• GIVEN MATERIAL:
[Start of section]
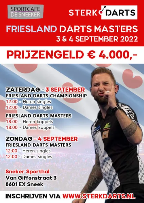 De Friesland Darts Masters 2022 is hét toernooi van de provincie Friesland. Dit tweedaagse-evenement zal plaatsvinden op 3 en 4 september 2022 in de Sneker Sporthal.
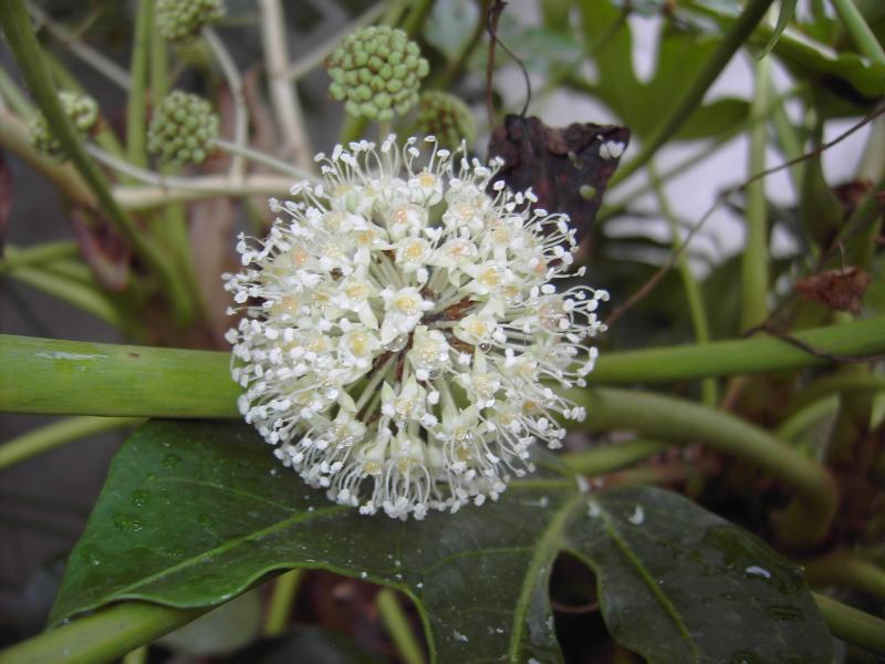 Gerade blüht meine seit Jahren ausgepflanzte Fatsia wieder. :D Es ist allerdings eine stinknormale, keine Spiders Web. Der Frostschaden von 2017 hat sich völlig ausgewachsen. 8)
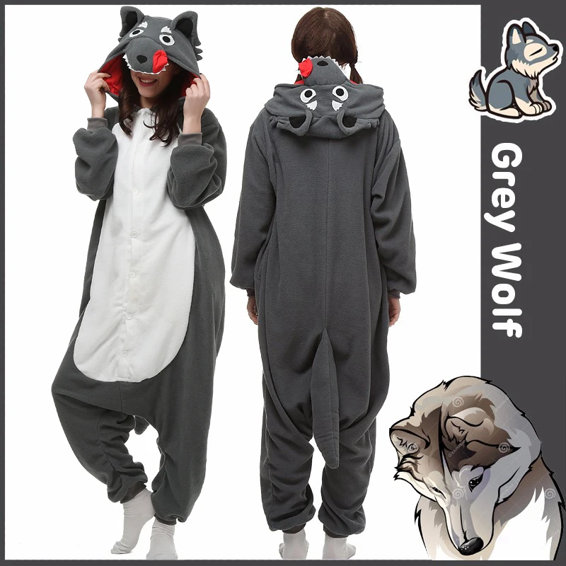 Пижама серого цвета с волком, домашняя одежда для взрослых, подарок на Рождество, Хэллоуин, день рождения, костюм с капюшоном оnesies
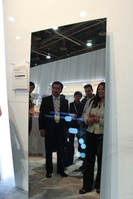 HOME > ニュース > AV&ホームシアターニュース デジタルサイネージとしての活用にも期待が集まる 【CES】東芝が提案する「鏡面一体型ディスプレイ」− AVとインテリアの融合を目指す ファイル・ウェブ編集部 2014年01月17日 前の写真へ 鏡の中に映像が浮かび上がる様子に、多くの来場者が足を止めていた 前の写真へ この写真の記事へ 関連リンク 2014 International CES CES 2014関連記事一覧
[End of section]
• WHAT TO WORK ON: Your copy should start at the line with "Gerade blüht meine", stop at the last line of the listing above, match exactly, and contain no pictures.

• REPLY TO THE EXERCISE:
 Gerade blüht meine seit Jahren ausgepflanzte Fatsia wieder. :D Es ist allerdings eine stinknormale, keine Spiders Web. Der Frostschaden von 2017 hat sich völlig ausgewachsen. 8)
 Пижама серого цвета с волком, домашняя одежда для взрослых, подарок на Рождество, Хэллоуин, день рождения, костюм с капюшоном оnesies
 HOME > ニュース > AV&ホームシアターニュース デジタルサイネージとしての活用にも期待が集まる 【CES】東芝が提案する「鏡面一体型ディスプレイ」− AVとインテリアの融合を目指す ファイル・ウェブ編集部 2014年01月17日 前の写真へ 鏡の中に映像が浮かび上がる様子に、多くの来場者が足を止めていた 前の写真へ この写真の記事へ 関連リンク 2014 International CES CES 2014関連記事一覧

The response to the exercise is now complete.